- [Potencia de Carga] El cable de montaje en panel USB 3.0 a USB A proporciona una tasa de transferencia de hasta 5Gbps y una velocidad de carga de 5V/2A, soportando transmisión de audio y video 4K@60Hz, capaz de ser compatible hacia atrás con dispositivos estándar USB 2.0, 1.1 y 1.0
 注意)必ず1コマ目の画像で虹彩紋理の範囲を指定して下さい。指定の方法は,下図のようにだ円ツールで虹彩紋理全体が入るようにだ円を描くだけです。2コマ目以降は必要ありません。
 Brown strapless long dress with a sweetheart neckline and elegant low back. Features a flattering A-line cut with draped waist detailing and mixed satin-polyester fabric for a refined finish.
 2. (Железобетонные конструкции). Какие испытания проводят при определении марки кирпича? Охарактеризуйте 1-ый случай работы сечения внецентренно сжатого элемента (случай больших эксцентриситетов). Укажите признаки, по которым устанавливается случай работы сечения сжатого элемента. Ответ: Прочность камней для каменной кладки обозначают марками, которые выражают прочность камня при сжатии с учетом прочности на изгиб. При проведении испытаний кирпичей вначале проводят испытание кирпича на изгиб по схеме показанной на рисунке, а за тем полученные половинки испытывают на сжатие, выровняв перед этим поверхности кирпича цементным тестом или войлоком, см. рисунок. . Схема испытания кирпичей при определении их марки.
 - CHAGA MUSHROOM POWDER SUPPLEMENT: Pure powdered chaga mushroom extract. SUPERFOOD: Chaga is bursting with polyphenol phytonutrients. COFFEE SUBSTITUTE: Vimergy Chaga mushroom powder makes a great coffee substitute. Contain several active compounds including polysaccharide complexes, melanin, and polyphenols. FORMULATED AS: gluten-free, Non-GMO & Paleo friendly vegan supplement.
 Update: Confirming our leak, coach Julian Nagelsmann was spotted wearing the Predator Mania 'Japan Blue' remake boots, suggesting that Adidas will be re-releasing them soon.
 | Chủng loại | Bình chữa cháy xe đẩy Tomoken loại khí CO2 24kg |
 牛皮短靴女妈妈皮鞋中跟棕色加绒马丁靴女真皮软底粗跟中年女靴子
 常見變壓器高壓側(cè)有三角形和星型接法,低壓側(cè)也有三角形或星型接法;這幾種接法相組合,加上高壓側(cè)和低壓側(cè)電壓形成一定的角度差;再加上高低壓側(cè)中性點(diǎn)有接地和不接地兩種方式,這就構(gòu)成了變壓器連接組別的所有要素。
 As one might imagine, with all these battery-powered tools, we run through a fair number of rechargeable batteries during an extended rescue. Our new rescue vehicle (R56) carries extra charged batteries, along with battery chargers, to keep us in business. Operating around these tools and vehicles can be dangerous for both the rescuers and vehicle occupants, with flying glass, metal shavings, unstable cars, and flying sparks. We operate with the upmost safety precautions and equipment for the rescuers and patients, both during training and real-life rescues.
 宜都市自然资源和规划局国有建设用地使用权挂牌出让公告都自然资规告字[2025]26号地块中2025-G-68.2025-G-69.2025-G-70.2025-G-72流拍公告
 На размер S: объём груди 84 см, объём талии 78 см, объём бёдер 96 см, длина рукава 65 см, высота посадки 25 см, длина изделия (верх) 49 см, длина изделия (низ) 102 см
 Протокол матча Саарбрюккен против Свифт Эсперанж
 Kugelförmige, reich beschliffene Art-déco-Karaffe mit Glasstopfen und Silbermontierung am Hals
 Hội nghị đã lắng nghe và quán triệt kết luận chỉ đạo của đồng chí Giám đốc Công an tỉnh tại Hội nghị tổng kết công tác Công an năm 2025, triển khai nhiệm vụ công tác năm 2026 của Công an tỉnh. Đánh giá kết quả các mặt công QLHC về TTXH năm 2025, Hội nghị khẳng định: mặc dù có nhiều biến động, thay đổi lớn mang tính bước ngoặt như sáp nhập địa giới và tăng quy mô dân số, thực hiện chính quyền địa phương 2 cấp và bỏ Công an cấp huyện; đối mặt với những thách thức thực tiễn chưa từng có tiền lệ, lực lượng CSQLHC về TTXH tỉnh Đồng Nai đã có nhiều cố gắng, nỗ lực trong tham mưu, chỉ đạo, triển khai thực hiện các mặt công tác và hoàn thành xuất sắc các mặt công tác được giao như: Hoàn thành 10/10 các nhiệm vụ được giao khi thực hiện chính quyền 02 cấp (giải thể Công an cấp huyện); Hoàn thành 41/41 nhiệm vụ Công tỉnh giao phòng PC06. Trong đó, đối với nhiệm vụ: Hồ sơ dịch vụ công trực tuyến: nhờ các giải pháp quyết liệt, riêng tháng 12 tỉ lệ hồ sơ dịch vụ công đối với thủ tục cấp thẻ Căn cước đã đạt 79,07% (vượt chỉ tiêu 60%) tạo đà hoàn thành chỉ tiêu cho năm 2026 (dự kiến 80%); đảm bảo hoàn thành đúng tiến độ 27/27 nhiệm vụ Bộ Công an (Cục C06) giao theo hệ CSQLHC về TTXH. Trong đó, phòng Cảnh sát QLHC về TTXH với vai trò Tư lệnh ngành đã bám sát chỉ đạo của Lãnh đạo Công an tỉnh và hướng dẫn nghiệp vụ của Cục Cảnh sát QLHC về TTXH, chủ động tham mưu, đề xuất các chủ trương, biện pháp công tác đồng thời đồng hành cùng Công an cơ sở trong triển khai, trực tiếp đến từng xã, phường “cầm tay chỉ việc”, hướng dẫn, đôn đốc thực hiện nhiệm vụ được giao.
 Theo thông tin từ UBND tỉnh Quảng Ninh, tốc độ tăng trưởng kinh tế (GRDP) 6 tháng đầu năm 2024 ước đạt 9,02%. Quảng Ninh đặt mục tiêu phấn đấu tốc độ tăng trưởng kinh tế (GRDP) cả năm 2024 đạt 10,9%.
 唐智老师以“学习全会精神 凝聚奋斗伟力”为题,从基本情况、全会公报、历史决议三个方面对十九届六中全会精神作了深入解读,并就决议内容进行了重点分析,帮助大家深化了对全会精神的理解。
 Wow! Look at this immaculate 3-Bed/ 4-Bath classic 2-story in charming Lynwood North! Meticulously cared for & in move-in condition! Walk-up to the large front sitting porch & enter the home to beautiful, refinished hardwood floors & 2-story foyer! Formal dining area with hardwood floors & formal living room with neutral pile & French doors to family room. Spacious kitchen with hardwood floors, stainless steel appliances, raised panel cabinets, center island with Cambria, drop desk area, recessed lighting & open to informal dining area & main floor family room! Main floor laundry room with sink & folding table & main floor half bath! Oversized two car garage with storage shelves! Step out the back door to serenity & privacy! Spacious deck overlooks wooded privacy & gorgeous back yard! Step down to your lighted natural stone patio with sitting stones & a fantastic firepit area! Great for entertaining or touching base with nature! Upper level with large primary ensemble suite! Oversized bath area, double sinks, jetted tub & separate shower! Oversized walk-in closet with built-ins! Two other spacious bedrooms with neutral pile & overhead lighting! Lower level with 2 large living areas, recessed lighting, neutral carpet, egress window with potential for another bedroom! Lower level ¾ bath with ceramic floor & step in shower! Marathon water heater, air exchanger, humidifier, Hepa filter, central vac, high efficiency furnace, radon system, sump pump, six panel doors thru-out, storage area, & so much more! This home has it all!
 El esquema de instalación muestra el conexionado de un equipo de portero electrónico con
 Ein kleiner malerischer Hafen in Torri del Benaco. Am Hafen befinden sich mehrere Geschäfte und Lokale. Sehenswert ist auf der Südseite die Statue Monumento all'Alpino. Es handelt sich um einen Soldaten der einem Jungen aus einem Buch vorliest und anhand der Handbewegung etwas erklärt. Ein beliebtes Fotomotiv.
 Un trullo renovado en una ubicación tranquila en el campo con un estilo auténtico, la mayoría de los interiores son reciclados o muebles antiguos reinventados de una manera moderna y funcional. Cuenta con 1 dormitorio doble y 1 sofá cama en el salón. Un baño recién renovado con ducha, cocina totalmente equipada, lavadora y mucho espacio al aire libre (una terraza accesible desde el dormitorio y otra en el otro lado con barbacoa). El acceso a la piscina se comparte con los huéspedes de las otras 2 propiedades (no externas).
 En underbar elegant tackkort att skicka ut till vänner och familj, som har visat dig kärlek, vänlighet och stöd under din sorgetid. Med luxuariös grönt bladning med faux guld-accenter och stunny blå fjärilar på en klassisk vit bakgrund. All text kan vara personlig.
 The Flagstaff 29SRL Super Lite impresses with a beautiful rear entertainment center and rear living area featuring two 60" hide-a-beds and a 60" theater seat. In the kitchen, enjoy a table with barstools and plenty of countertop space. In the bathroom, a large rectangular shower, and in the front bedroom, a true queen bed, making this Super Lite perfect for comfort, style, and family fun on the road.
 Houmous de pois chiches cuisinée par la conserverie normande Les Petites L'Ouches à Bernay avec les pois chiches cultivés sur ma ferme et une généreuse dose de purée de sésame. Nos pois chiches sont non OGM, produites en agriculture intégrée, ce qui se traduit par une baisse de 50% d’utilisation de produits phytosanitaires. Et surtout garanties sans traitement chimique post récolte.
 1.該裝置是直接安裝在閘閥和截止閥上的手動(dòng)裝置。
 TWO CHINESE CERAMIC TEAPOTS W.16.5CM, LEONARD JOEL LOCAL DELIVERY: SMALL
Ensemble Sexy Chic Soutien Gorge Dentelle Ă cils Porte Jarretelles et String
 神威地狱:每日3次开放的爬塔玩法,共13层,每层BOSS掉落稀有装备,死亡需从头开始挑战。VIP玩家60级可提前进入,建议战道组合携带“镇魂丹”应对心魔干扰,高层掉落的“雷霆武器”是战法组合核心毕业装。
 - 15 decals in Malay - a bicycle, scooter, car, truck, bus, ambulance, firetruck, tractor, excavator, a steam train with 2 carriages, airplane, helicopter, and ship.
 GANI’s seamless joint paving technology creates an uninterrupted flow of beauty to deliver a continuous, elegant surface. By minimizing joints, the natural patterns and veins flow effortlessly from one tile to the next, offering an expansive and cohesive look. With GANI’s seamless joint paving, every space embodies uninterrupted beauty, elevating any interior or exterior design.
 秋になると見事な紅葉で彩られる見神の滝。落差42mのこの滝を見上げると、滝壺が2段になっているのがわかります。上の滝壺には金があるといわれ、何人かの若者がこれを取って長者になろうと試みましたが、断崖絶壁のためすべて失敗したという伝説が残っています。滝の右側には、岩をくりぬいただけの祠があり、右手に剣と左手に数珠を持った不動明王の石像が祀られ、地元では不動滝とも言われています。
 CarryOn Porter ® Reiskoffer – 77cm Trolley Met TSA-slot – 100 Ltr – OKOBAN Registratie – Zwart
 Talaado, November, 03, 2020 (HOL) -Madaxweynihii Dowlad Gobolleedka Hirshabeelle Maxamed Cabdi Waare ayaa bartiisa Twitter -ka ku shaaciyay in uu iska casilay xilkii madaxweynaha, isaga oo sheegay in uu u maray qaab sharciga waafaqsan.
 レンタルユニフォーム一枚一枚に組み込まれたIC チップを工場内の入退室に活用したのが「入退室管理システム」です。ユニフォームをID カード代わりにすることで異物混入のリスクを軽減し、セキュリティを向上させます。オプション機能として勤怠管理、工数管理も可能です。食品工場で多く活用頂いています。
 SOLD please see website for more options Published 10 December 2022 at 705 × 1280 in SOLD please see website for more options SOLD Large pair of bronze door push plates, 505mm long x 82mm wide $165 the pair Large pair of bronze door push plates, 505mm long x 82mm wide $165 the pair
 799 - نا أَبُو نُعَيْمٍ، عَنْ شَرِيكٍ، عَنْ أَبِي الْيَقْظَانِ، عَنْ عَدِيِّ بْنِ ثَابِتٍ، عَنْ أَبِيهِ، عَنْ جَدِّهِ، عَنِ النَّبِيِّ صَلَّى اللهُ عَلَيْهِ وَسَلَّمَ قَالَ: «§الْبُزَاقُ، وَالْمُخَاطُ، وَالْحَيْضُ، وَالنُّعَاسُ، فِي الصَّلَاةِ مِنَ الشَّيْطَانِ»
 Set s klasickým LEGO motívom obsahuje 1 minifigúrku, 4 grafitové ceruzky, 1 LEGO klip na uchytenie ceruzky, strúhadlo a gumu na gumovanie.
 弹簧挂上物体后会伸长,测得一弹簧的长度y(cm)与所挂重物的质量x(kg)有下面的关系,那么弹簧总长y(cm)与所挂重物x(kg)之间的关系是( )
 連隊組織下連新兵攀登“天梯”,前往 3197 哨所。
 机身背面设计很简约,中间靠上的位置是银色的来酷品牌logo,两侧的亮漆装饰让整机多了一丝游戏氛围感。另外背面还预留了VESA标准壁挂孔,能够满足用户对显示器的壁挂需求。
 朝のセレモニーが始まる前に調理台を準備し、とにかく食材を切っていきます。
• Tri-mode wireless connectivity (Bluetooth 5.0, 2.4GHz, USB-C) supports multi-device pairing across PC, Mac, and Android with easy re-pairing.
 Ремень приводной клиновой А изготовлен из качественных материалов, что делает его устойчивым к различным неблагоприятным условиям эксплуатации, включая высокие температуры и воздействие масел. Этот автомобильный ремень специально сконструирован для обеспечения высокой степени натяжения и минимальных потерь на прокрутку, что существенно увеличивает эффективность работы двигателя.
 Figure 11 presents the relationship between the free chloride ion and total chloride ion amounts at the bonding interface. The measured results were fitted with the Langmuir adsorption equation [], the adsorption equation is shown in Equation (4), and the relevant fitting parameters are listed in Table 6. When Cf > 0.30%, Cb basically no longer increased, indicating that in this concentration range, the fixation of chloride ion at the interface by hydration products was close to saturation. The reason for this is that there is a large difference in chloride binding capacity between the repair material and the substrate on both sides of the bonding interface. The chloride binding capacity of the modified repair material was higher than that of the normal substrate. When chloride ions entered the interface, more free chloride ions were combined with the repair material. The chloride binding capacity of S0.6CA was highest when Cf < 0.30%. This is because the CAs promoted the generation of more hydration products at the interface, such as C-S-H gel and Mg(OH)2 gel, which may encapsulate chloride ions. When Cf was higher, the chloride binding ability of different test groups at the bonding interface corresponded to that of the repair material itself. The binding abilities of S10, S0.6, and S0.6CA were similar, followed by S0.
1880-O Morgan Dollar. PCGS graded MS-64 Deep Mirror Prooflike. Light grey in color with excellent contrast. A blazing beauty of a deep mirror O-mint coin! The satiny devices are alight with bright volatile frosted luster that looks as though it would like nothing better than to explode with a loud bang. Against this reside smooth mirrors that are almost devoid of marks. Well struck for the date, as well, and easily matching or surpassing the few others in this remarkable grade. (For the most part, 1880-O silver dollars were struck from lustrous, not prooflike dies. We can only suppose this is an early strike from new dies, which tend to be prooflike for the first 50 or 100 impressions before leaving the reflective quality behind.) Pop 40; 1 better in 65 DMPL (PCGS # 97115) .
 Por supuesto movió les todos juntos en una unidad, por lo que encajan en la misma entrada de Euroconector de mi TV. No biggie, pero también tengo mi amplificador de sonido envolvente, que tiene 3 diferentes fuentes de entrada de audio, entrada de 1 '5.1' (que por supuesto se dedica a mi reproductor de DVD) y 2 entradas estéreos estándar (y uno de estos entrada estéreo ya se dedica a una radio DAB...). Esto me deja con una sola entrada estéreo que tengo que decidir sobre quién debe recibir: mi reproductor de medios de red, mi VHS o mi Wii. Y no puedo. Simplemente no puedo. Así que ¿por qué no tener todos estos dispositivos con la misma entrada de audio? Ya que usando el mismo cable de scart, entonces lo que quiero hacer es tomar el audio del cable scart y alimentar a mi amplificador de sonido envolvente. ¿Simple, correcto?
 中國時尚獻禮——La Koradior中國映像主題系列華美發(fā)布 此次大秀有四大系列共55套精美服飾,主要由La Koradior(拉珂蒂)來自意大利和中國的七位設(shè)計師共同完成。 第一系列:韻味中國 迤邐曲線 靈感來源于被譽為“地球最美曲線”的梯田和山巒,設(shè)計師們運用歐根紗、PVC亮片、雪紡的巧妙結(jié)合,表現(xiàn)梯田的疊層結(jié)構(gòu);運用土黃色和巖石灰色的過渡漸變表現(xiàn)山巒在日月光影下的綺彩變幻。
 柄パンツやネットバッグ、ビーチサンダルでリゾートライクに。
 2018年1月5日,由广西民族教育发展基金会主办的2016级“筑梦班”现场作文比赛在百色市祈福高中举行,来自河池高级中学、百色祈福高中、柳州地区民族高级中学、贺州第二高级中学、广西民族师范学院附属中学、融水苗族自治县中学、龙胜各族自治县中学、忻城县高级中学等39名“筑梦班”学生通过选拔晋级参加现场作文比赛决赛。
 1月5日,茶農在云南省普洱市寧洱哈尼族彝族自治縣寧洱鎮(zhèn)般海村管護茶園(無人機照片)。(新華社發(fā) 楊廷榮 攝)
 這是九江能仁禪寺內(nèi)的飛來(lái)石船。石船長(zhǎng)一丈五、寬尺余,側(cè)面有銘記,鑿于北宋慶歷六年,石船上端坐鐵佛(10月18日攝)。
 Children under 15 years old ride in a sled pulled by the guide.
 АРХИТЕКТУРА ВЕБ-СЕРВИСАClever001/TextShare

- - - - - - -

Task instructions:
Go through the material and copy every line in which the word "space" occurs.

Solution:
 The Flagstaff 29SRL Super Lite impresses with a beautiful rear entertainment center and rear living area featuring two 60" hide-a-beds and a 60" theater seat. In the kitchen, enjoy a table with barstools and plenty of countertop space. In the bathroom, a large rectangular shower, and in the front bedroom, a true queen bed, making this Super Lite perfect for comfort, style, and family fun on the road.
 GANI’s seamless joint paving technology creates an uninterrupted flow of beauty to deliver a continuous, elegant surface. By minimizing joints, the natural patterns and veins flow effortlessly from one tile to the next, offering an expansive and cohesive look. With GANI’s seamless joint paving, every space embodies uninterrupted beauty, elevating any interior or exterior design.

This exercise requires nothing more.